Первые дни Ярыгин держал себя в бригаде смирно. Никому не мешал, мало с кем разговаривал. А к делу проявлял необыкновенное усердие, даже после смены оставался повечеровать, чтобы подогнать работу на завтра.

«Муть» началась незаметно.

Как-то Саша Лебедь, не успев докончить задание до гудка, тоже остался после смены.

Ярыгин, проходя мимо, сказал, словно между прочим:

— Самого смолоду огольцом звали, но уж вот в дураки не рядился да и других не подводил, хе-хе!

— Кого, дядя Паша, не подводил? — не понял Саша, для того и оставшийся после смены, чтобы завтра не случилось из-за него задержки.

— «Кого, кого», — кривя рот, передразнил Ярыгин. — Друзей-товаришшей своих, вот кого!

— Да кто подводит-то, кто? — недоумевал Саша.

— Ваша милость, грудное младенчество, друг-товаришш! — уже не стесняясь, окрысился Ярыгин. В цехе, кроме него и Саши, никого не было и разговаривать можно было начистоту. — Ты скажи мне, Аника-воин, чего ради норму-то выжимаешь?

— Как чего ради? — откровенно удивился Саша. Его чистые глаза смотрели прямо в остренькие, насмешливые и неспокойные глазки Ярыгина. — Мы на комсомольском собрании решили…

— На каком таком собрании? — не отступал Ярыгин.

— Да на комсомольском, говорю! — начиная раздражаться и повышая голос, произнес Саша. — Обязательство принимали: к тридцать восьмой годовщине каждому комсомольцу по сорок норм сделать.

— А по сорок рубликов с копеечками заработать к годовщине, до такого обязательства не докумекалися при всем при том?

— Почему по сорок?

— Так и быть, расскажу тебе, друг-товаришш, по совести. Слушай.
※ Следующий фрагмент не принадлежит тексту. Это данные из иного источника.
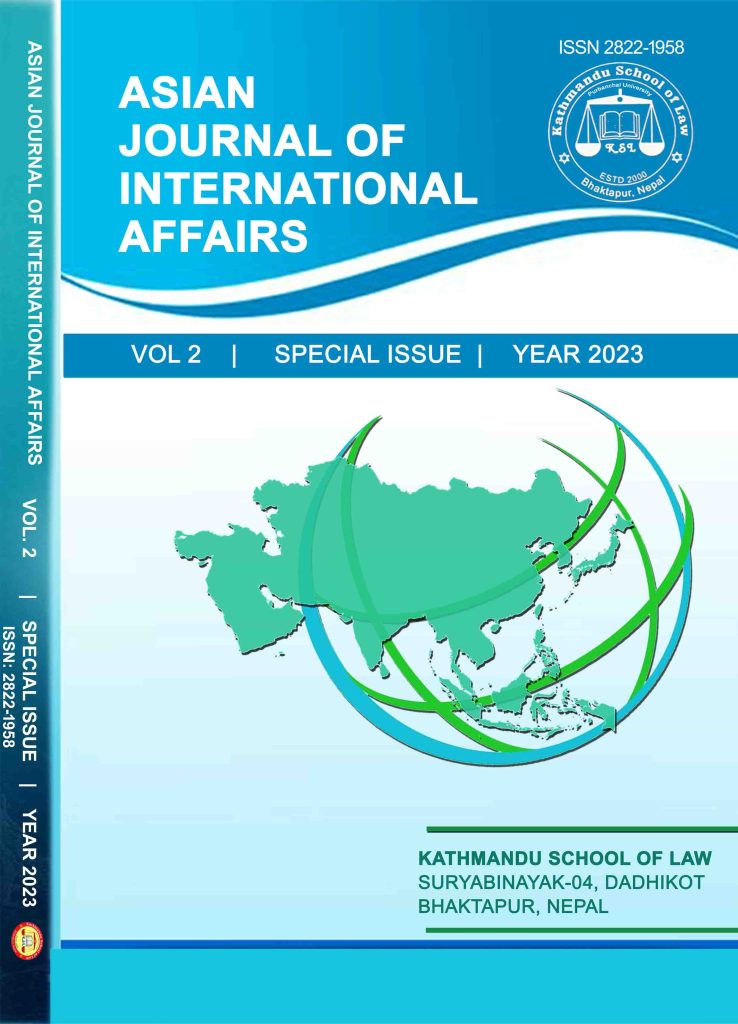 Asian Journal of International Affairs (AJIA) is the double-blinded peer-reviewed journal published by Kathmandu School of Law. It publishes creative and innovative article on International Affairs where the core of the research is to focus on the Oriental Philosophy. It aims to bridge the gap between various Nations in the Global South and provide an academic platform for intellectuals to express their intellect.

Ярыгин примостился на уголке Сашиного верстака, обшарил глазками взволнованное раскрасневшееся Сашино лицо и начал:

— Нормы в нашей бригаде временные, друг-товаришш? Временные. А для чего временные? Да начальству приглядеться надобно, кто с дурной головы перевыполнять их пуще начнет. Ты нажмешь — перевыполнишь, другой нажмет — перевыполнит, третий на вас шары распялит — да и туда же подастся, и пошло… Глядишь, на норму нашлепку приделали — выросла матушка, а по расценочке при всем при том ножницами чик! — и отстригли гребешок, а за гребешком и голова туда же. Докумекался, друг-товаришш? Хе-хе! А ты говоришь — комсомольское собрание! Повыжимай-ка вот этак-то еще с недельку да погляди, чего выйдет! Вспомнишь, небось, дядьку Пашу Ярыгина.

Саша даже рот приоткрыл от таких речей. Из-под красноватых век Ярыгина поблескивало что-то насмешливое и колючее. Старик соскользнул с верстака.

— Дядя Паша! Это что ж выходит? — взволнованно заговорил Саша. — Выходит, наплевать, да? На комсомольскую честь наплевать? Ради расценочки, да? Сапогом растереть, так, что ли?

— Так не так, про то гадалка знает, — попробовал увильнуть Ярыгин.

— Нет, вы отвечайте! — громко потребовал Саша.

Ярыгин насмешливо осклабился:

— Пошел ты, друг-товаришш, по груши, да не нашел бы, гляди, от лягуши уши, — загадочно прошуршал Ярыгин, направляясь к своему верстаку.

— Нет, вы погодите сматываться-то! — шагнув за ним, крикнул вслед Саша. — Вы чего, подлости меня учите, да? Думаете, умения меньше вашего, так я и поддамся, да? А что меня государство учило бесплатно, что деньги еще платило мне, это как? Не сшурупило у вас, да? — Саша повертел пальцем у лба, словно завертывал отверткой шуруп. — Советский я человек, вот! Понятно вам?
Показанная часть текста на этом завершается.